The training dataset for multi-reward feedback learning is in data/itercomp_train_data.json
, after setting the paths for composition-aware reward models, you can finetune the base diffusion model as follow:
bash scripts/iterative_fl.sh
After the training of iteration 0, we can start a new iteration of refinement based on the optimized diffusion model.

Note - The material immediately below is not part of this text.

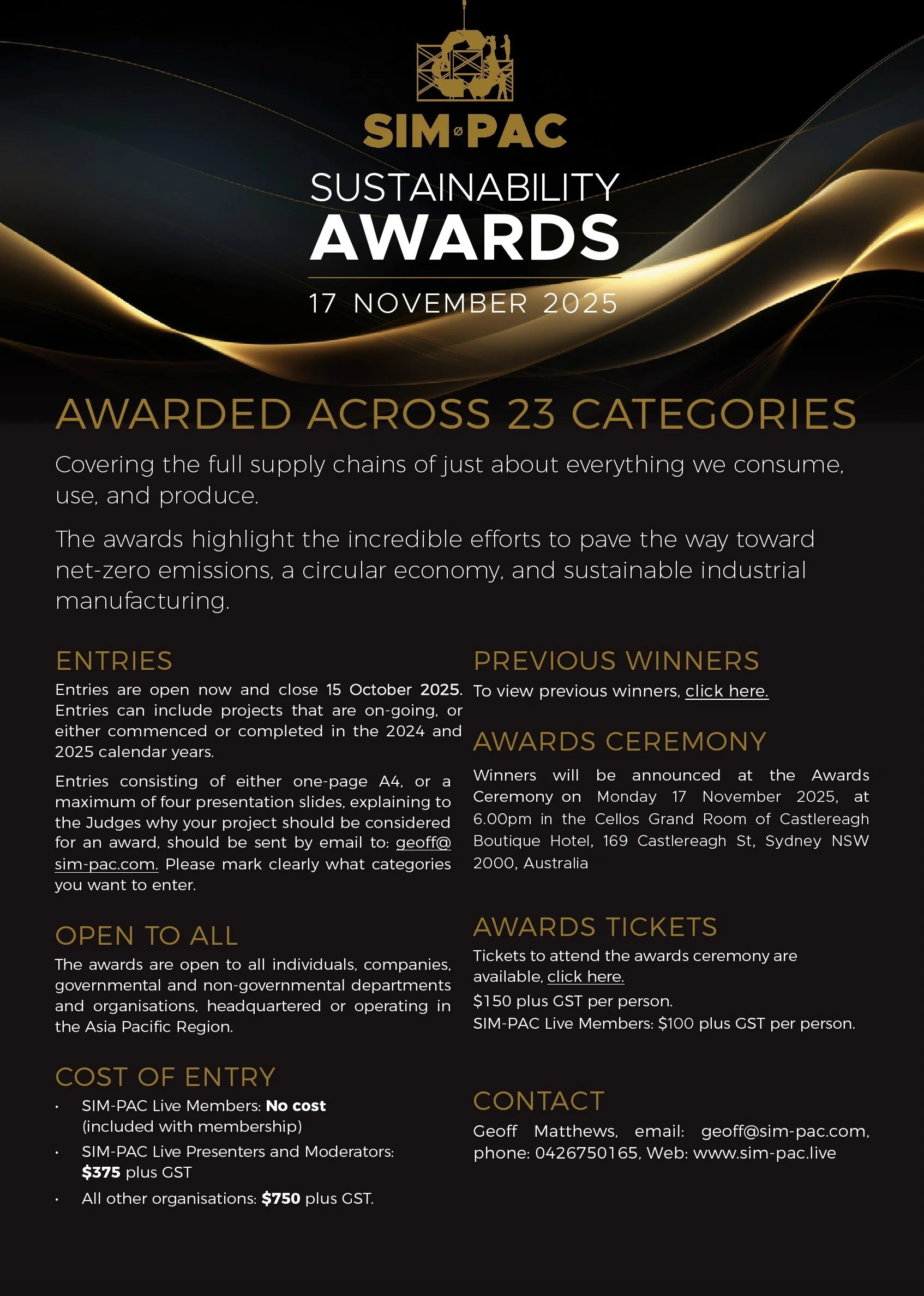 • Geoff Matthews: Founder, SIM-PAC Live Sustainability Awards.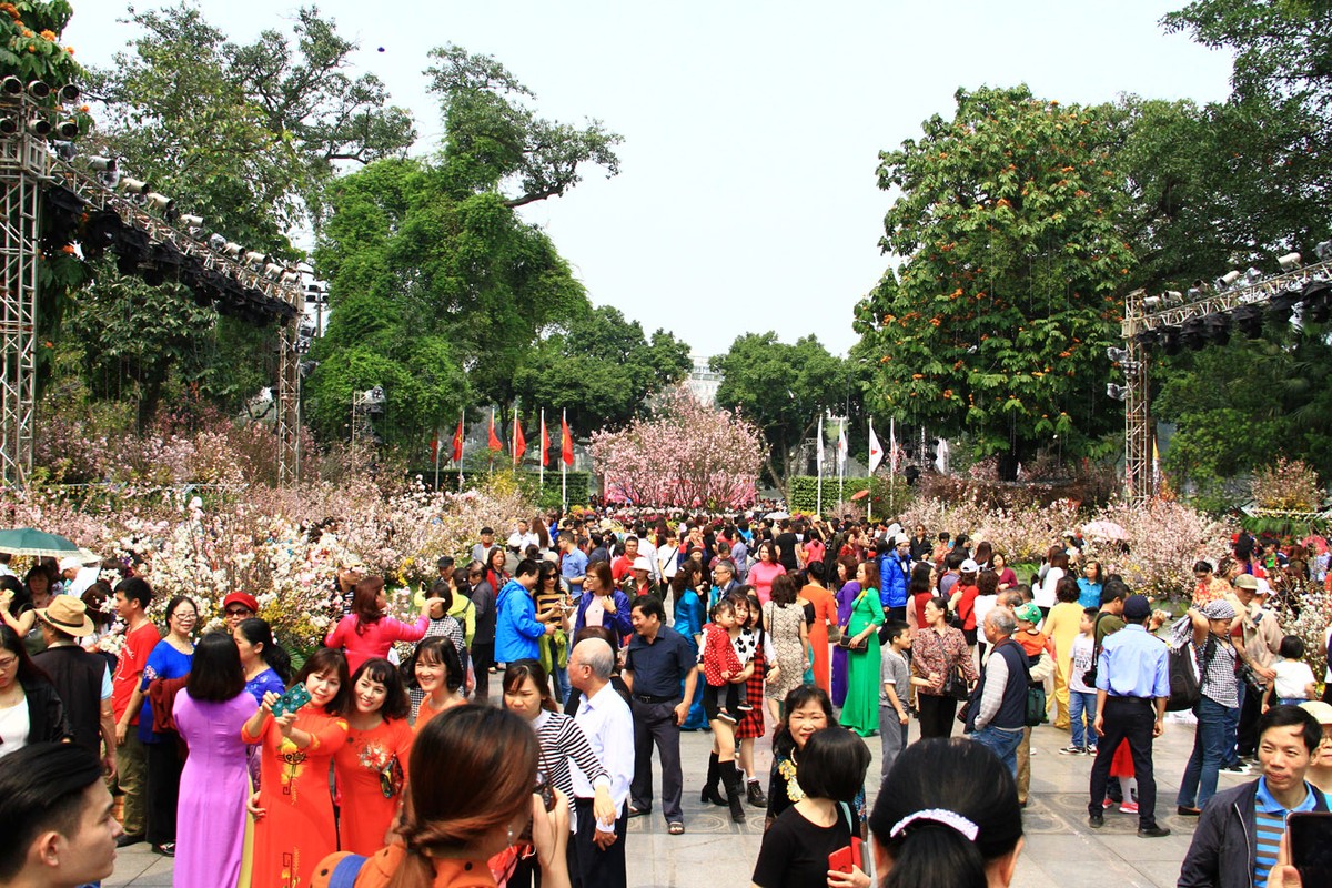 Khu vực tượng đài Vua Lý Thái Tổ đông hơn thường lệ vì có Lễ hội hoa.

In iteration 1, we expand model gallery with Omost and the optimized base diffusion model using:
python data/iterative_expand_gallery.py
The updating model gallery is saved in the following format:
{
"index": 7,
"prompt": "a blue car and a brown giraffe",
"image_sd15": "datasets/train/attribute_binding/sd15_prompt_7.png",
"image_sdxl": "datasets/train/attribute_binding/sdxl_prompt_7.png",
"image_sd3": "datasets/train/attribute_binding/sd3_prompt_7.png",
"image_flux": "datasets/train/attribute_binding/flux_prompt_7.png",
"image_rpg": "datasets/train/attribute_binding/rpg_prompt_7.png",
"image_instancediffusion": "datasets/train/attribute_binding/instancediffusion_prompt_7.png",
"image_sdxl_iteration1": "datasets/train/attribute_binding/sdxl_iteration1_prompt_7.png",
"image_omost": "datasets/train/attribute_binding/omost_prompt_7.png",
"initial_rank": [4, 3, 5, 2, 1, 6],
"rank": [4, 3, 7, 5, 8, 2, 1, 6]
},
After updating the composition-aware model preference dataset, you should to train the reward models and base diffusion model according to the process described above.
IterComp can serve as a powerful backbone for various compositional generation methods, such as RPG and Omost. We recommend integrating IterComp into these approaches to achieve more advanced compositional generation results. Simply update the backbone path to IterComp to apply the changes.
@article{zhang2024itercomp,
title={IterComp: Iterative Composition-Aware Feedback Learning from Model Gallery for Text-to-Image Generation},
author={Zhang, Xinchen and Yang, Ling and Li, Guohao and Cai, Yaqi and Xie, Jiake and Tang, Yong and Yang, Yujiu and Wang, Mengdi and Cui, Bin},
journal={arXiv preprint arXiv:2410.07171},
year={2024}
}
Our IterComp is a general text-to-image generation framework, which is builded upon several solid works. Thanks to ImageReward and RPG for their wonderful work and codebase!